I’ve also heard PMs criticize deliverable-based WBSs as irrelevant to the way they manage projects. I’ve heard their complaints that they don’t have processes in place to effectively apply deliverable-based WBSs to project scheduling. This reluctance becomes a major obstacle to schedule development and effective scope management. Is it any wonder then, that PMs who struggle with this concept might be spending (read, “wasting”) too much time in planning, and not enough time focusing on their client needs?
This struggle directly feeds into my premise regarding the creation of the WBS; that is, we spend far too much valuable project time in attempting to develop the technically perfect WBS and Project Management Plan (PMP). Or, alternatively, we spend too much time complaining and criticizing why we can’t build the technically perfect WBS and PMP. Regardless, it is valuable time spent by the most senior project resources, and it comes at the expense of working with the client to define successful project execution from their perspective. (Refer to my earlier post, “Why You Should Build The Project Plan Around Your Client’s Viewpoint.”)

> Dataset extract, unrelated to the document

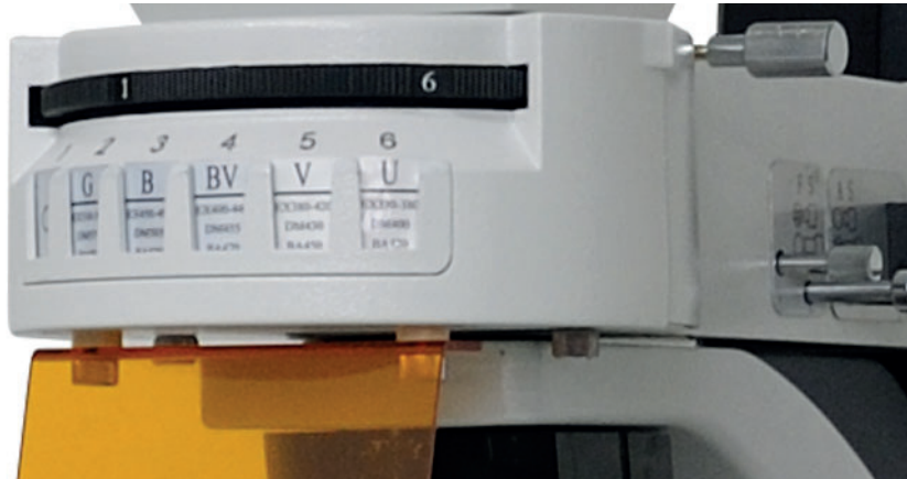
tableau de filtres

My recommendation is that we spend valuable Project Managers’ time in focusing more on the people aspects of project management than on the laborious grunt work that comes with refining the WBS to a state of (perceived) perfection. The following table illustrates this by comparing the differences in using by-the-book process to define the WBS, versus defining that same WBS using a people-focused approach. The tweaks to making the WBS more people-focused are subtle, but effective. At the same time, it is more probable to attain a more successful project outcome using this approach.
say and do
|Develop a deliverable-oriented set of project elements||Ensure the deliverable-oriented project elements are as client-focused as possible||Team members loaned to the project by the client more readily acclimate to the project when deliverables are based on their objectives|
|WBS is created by the IT project team tasked with doing the work||WBS is created in conjunction with client’s project team members||Client’s team members are quickly assimilated into the project, and invested in executing their tasks correctly and timely|
|WBS decomposition follows the 100% rule of the work to be completed||Client team members are educated on the decomposition process as the WBS is developed||Client team members are less likely to initiate scope creep|
|WBS is presented in an outline format that is readily adaptable to a project schedule||WBS is presented in a format understandable to client team members in a way that relates the WBS decomposition to the project schedule||Client team members, given a full understanding of the project schedule layout, will work their task responsibilities as judiciously as the IT team does|
|WBS uses nouns and adjectives to describe the decomposition||WBS uses verbs to describe the decomposition into activities and tasks that drive the deliverables||Client team members respond more effectively to action words in dictating the tasks that they are responsible to execute|
|WBS evolves with progressive elaboration and change control||WBS developed according to the people-focused principles defined above allows for better progressive elaboration and change control||Client team members familiar with the WBS / PMP more readily understand the progressive elaboration and accept change control|
|WBS elements are coded to clearly identify the decomposition of the various project elements||WBS elements are coded in a client-understandable format to clearly delineate the different levels of the decomposition||Client team members more quickly grasp the task-level hierarchy of the overall PMP and work their tasks accordingly|
Over my career, I’ve seen the full gamut of project delivery – from a “seat of the pants” style during my early years as a developer, to the more sophisticated project planning of today’s more complex projects. What I firmly believe is that the earlier we involve the client team in the project planning – in this case in the development of the WBS and the resulting PMP – the better will be our project implementation success rate.